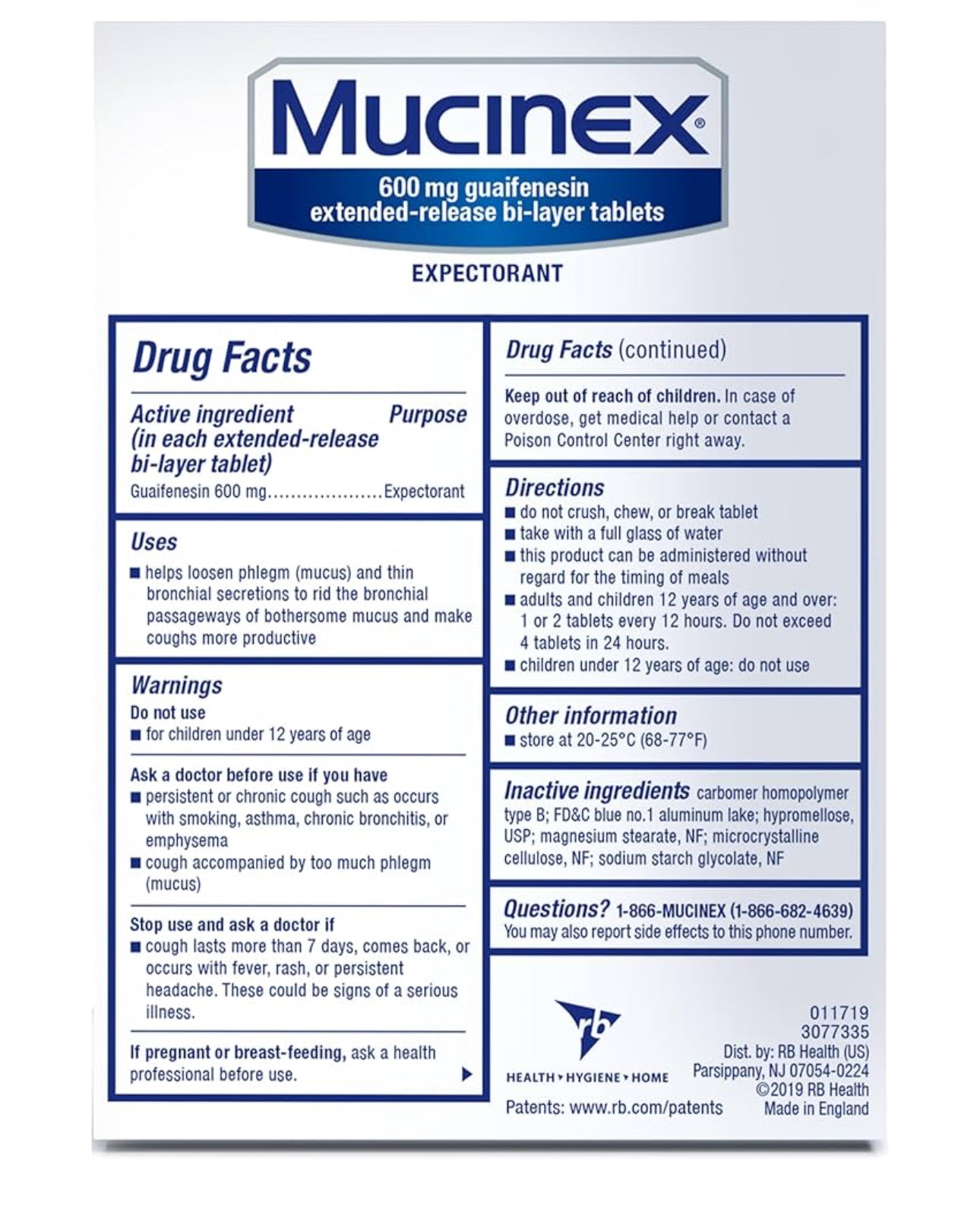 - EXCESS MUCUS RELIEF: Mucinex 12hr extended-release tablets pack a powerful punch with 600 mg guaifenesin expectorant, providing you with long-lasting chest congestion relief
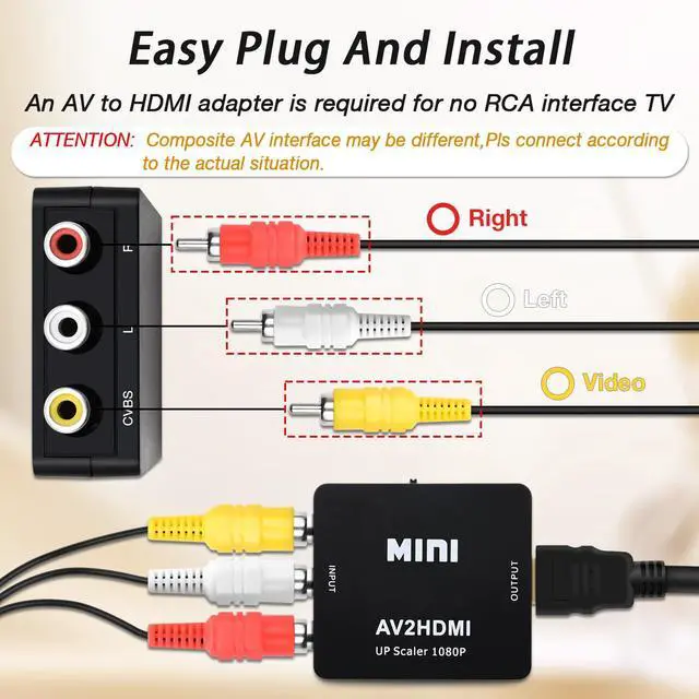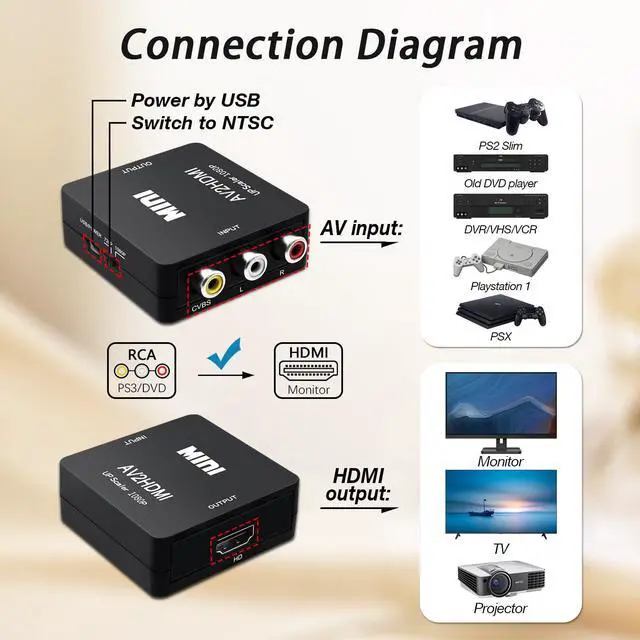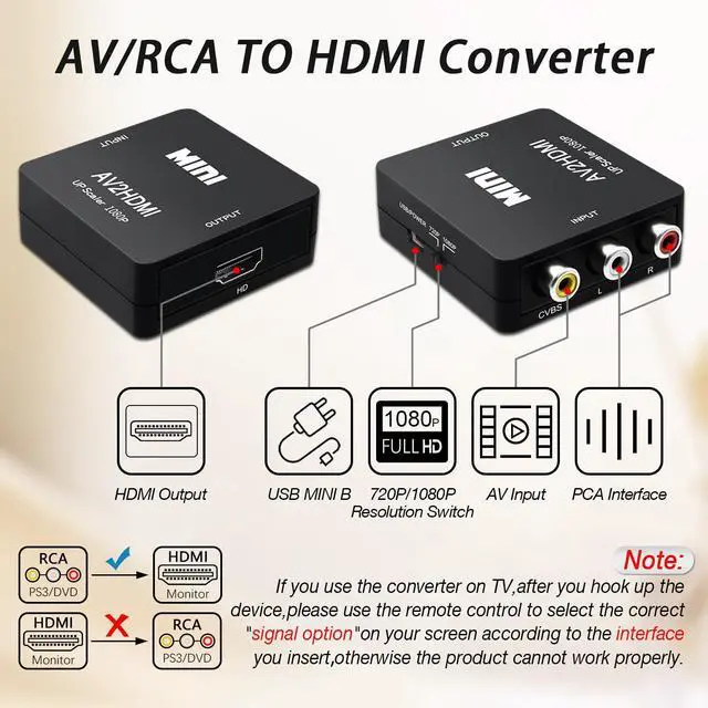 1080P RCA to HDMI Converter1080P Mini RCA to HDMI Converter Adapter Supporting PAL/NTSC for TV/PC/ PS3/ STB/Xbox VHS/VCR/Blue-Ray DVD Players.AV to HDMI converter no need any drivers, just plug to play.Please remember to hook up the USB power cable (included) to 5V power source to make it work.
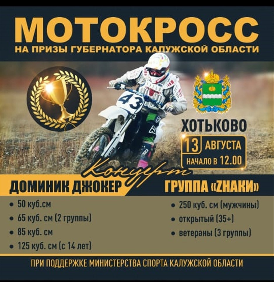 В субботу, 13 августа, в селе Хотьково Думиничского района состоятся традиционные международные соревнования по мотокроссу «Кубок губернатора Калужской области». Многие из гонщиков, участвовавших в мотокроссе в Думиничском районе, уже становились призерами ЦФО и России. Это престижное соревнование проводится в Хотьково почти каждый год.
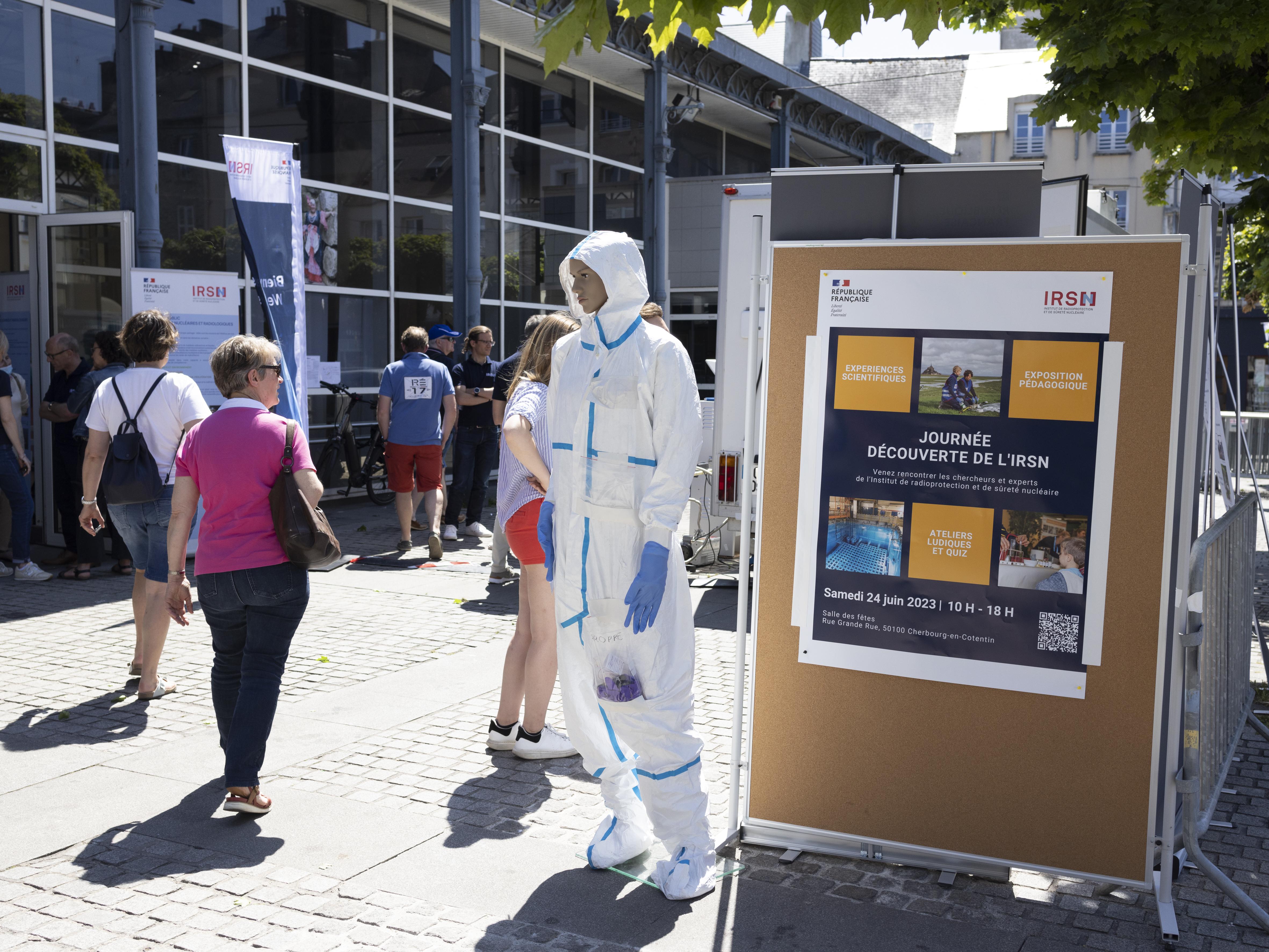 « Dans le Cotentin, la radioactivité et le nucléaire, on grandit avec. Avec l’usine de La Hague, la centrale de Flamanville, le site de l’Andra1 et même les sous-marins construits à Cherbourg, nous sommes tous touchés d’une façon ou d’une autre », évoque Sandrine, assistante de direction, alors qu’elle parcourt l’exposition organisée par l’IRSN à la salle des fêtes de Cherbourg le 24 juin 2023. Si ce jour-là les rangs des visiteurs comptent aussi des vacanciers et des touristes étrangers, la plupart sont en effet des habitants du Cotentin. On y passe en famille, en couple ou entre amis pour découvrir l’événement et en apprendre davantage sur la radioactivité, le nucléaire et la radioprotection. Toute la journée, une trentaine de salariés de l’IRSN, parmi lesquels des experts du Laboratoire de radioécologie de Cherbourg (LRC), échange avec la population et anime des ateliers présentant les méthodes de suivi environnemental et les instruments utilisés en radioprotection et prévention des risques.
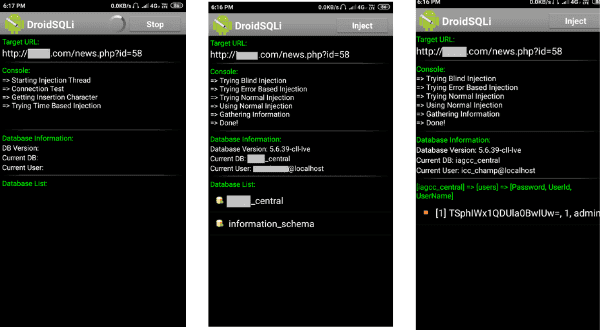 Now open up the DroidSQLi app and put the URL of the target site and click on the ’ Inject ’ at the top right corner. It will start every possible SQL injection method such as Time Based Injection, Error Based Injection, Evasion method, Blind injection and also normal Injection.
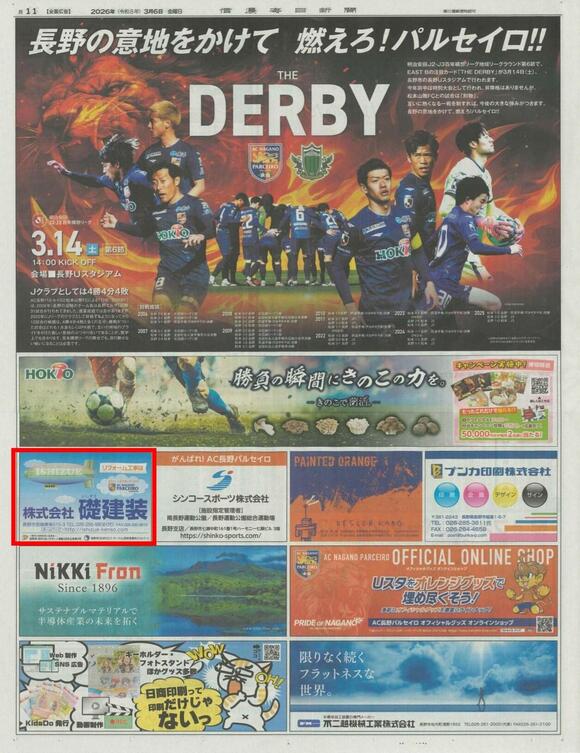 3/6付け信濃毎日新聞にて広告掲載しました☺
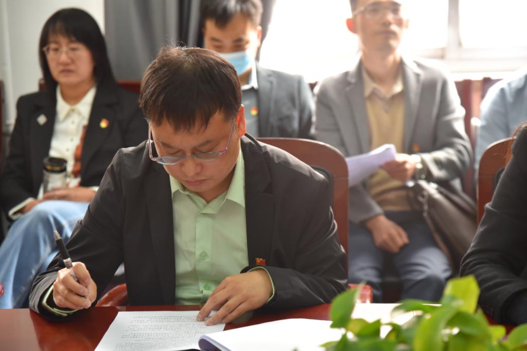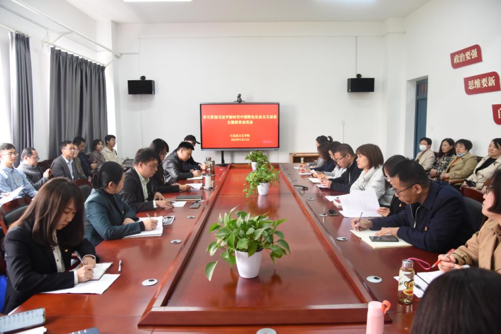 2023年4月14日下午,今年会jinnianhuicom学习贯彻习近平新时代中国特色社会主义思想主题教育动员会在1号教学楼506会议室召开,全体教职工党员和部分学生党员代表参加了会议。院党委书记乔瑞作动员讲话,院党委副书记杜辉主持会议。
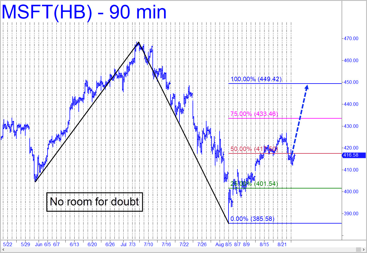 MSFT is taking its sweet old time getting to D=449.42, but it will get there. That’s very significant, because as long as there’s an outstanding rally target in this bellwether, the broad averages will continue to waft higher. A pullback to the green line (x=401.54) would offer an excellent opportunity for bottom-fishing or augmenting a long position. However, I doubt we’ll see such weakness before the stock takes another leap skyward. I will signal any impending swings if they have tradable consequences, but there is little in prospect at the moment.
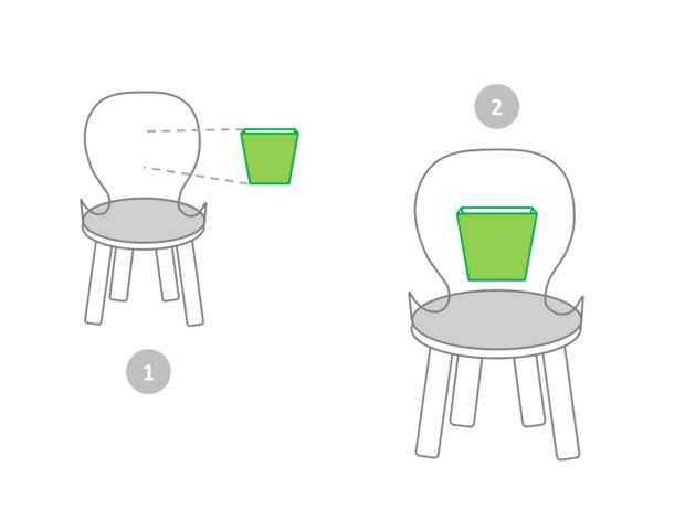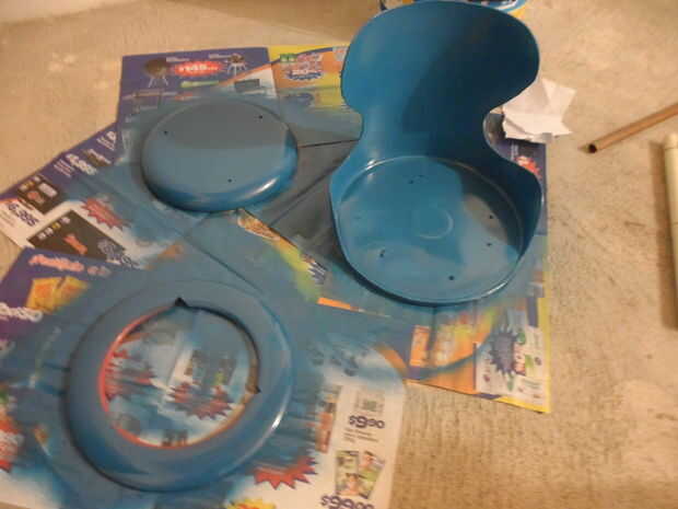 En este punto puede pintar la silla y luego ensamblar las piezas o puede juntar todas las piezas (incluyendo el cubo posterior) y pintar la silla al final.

* * * * * * * * *

TO DO:
The job is to return the listing above exactly, minus its pictures.

RESPONSE AREA:
 - EXCESS MUCUS RELIEF: Mucinex 12hr extended-release tablets pack a powerful punch with 600 mg guaifenesin expectorant, providing you with long-lasting chest congestion relief
 1080P RCA to HDMI Converter1080P Mini RCA to HDMI Converter Adapter Supporting PAL/NTSC for TV/PC/ PS3/ STB/Xbox VHS/VCR/Blue-Ray DVD Players.AV to HDMI converter no need any drivers, just plug to play.Please remember to hook up the USB power cable (included) to 5V power source to make it work.
 В субботу, 13 августа, в селе Хотьково Думиничского района состоятся традиционные международные соревнования по мотокроссу «Кубок губернатора Калужской области». Многие из гонщиков, участвовавших в мотокроссе в Думиничском районе, уже становились призерами ЦФО и России. Это престижное соревнование проводится в Хотьково почти каждый год.
 « Dans le Cotentin, la radioactivité et le nucléaire, on grandit avec. Avec l’usine de La Hague, la centrale de Flamanville, le site de l’Andra1 et même les sous-marins construits à Cherbourg, nous sommes tous touchés d’une façon ou d’une autre », évoque Sandrine, assistante de direction, alors qu’elle parcourt l’exposition organisée par l’IRSN à la salle des fêtes de Cherbourg le 24 juin 2023. Si ce jour-là les rangs des visiteurs comptent aussi des vacanciers et des touristes étrangers, la plupart sont en effet des habitants du Cotentin. On y passe en famille, en couple ou entre amis pour découvrir l’événement et en apprendre davantage sur la radioactivité, le nucléaire et la radioprotection. Toute la journée, une trentaine de salariés de l’IRSN, parmi lesquels des experts du Laboratoire de radioécologie de Cherbourg (LRC), échange avec la population et anime des ateliers présentant les méthodes de suivi environnemental et les instruments utilisés en radioprotection et prévention des risques.
 Now open up the DroidSQLi app and put the URL of the target site and click on the ’ Inject ’ at the top right corner. It will start every possible SQL injection method such as Time Based Injection, Error Based Injection, Evasion method, Blind injection and also normal Injection.
 3/6付け信濃毎日新聞にて広告掲載しました☺
 2023年4月14日下午,今年会jinnianhuicom学习贯彻习近平新时代中国特色社会主义思想主题教育动员会在1号教学楼506会议室召开,全体教职工党员和部分学生党员代表参加了会议。院党委书记乔瑞作动员讲话,院党委副书记杜辉主持会议。
 MSFT is taking its sweet old time getting to D=449.42, but it will get there. That’s very significant, because as long as there’s an outstanding rally target in this bellwether, the broad averages will continue to waft higher. A pullback to the green line (x=401.54) would offer an excellent opportunity for bottom-fishing or augmenting a long position. However, I doubt we’ll see such weakness before the stock takes another leap skyward. I will signal any impending swings if they have tradable consequences, but there is little in prospect at the moment.
 En este punto puede pintar la silla y luego ensamblar las piezas o puede juntar todas las piezas (incluyendo el cubo posterior) y pintar la silla al final.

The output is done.